What is it that makes a book like The Adventures of Huckleberry Finn a great book? I am reminded of the learned words of Prof. Drozelton in the essay “Toward a Cognitivist Rethinking of Heteroglossia in Saved by the Bell, Seasons 1-3”: “Cultural-historical connotations delineate their own interwovenness and textual schema.” This guy rocks!

II. Elements of style

The actual writing of a paper is mostly a matter of organization. It may be useful to think of the text as a hamburger, with the introduction and conclusion as buns and the body of the paper as meat. Analysis serves as mustard, with historical and biographical information as additional condiments; some prefer their rhetorical burger plain, with a side of digression and maybe a small salad of mixed metaphors. Don’t look now, but I think you have a sentence fragment between your teeth.

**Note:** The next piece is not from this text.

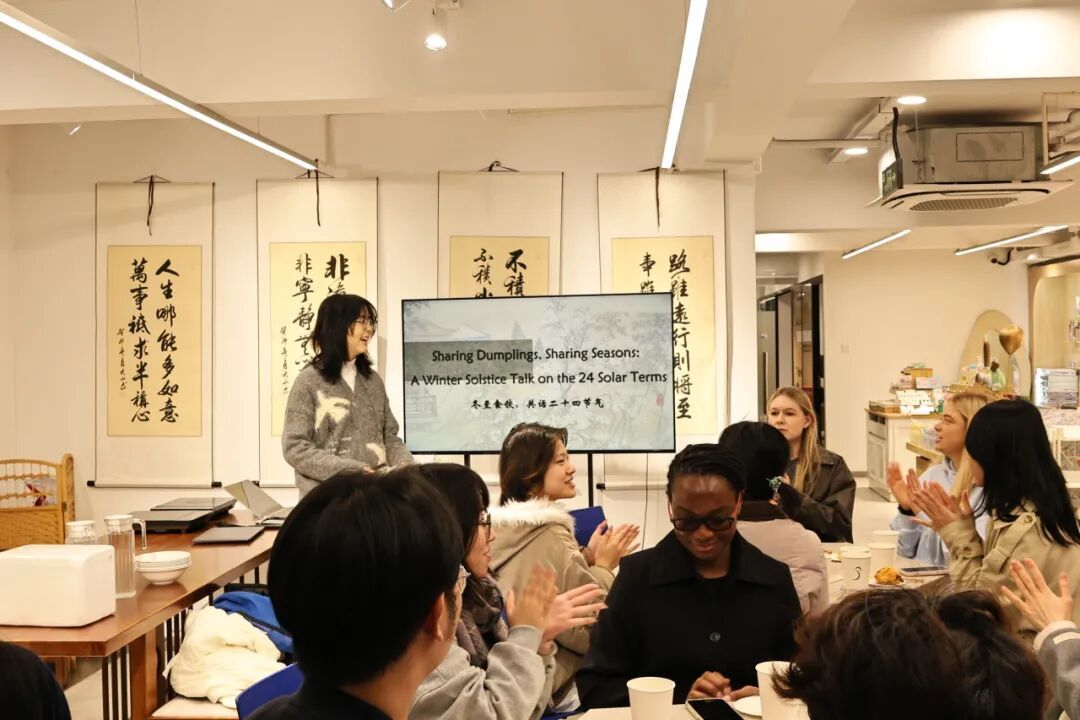 参与“冬至食饺,共话二十四节气”跨文化交际活动,我收获颇丰。在交流中,我们探讨二十四节气的起源与智慧,它作为古人依据太阳运行周期总结的历法,兼具实用与文化价值。主讲人也分享了她根据二十四节气所创作的诗词,大家都积极参与到诗词内涵的解读中来。同时,亲手包饺子的过程更是充满烟火气,热腾腾的饺子在寒冷的冬日给我们带来了一份慰藉。这次活动让我更深入理解了中华传统节气文化,也学会了如何用更鲜活的方式向他人讲述中国文化。
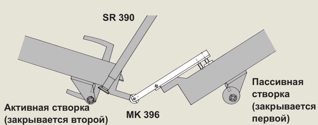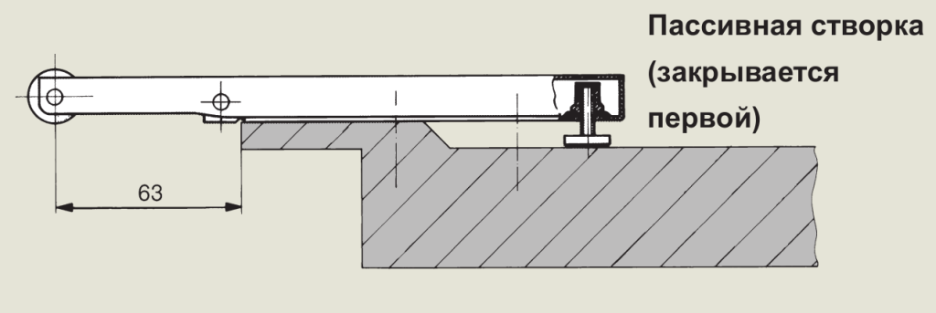 When an attempt is made to open the passive leaf of a double-leaf door first, the carry bar, installed on the passive leaf, will reliably push the active leaf forward (for example, in the case of emergency exit doors equipped with panic hardware), and the coordinator, in turn, will ensure the correct closing sequence of the leaves.

Anyway. First comes preparation. Open a new Word or Windows document. Note the blank expanse. Click inside the text box. Run the text elevator up and down the side. Type the words, “The first thing I want to say is…,” then erase them. Repeat three times. There! You’ve earned a break.

One day, two beers and three rounds of Grand Theft Auto: Liberty City Stories later, it’s time to think about the introduction. Let’s say you’re doing a paper on Shakespeare. There are three surefire introductions that will point your paper down the path to completion. One is the dictionary gambit, which works just as well as it did in 4-H competition back in fourth grade: “Webster’s defines William Shakespeare as ‘English poet and dramatist considered one of the greatest English writers.’ ” Then there’s the straight-shooter approach, beloved of A&E Biography: “In this paper, you will read about the man who was called William Shakespeare.” Grabs you right by the bodkin, eh? Last, there’s the 21st-century opening, in which you lead with a vigorous contemporary source: “Wikipedia calls William Shakespeare the finest screenwriter of the 19th century.”

The thesis statement is a breeze. Just restate the original assignment as if you’d thought of it yourself. With that out of the way, your next several paragraphs should elaborate and prove this central idea, using well-chosen citations and cogent arguments. Failing that, you should pack them with crap the OSS couldn’t decipher. Feel free to apply words like “deconstruct” and “semiotical” the way a bus-station bathroom custodian uses Airwick. Also, any two ideas, however irreconcilable and disconnected, can always be linked with a handy, “But as everyone knows….” It works for Bill O’Reilly.

At last, the conclusion. This is simplicity itself. Type the magic words—“In conclusion”—and a comma, then copy and paste your first paragraph to the end, changing future to past tense. It’s that easy. Some people like to start with, “As I proved above,” just to keep the instructor from getting lippy.

But wait! It’s too short! What do I do? The answer differs depending on the assignment, page count or word count. To extend the page count, up the font size and line spacing until every page looks like a declaration of war in the New York Post.

To stretch that word count, switch from active voice to a grammatical strategy I call “passive aggressive.” Simply change the active “is” to the more stentorian “is thought to have been about to be,” which has the bonus of making your instructor think you translated the entire paper from Latin. If it doesn’t actually make the paper longer, it’ll certainly seem that way. Plus if you have to read it aloud, you’ll feel like a Roman senator in a gladiator movie.

III. Conclusion

In conclusion, the fall semester was thought to have been about to be upon us, but as everybody knows, once again the school bell tolled throughout the land. The nation’s ivy-covered halls filled with arriving students and briefly tolerated parents, and campus life settled into its time-honored groove. As I proved above, only one inconvenience stood between you, the incoming frosh or outgoing senior, and the blossoming joys of academia: learning. Did I mention you can use this stuff later to find a job?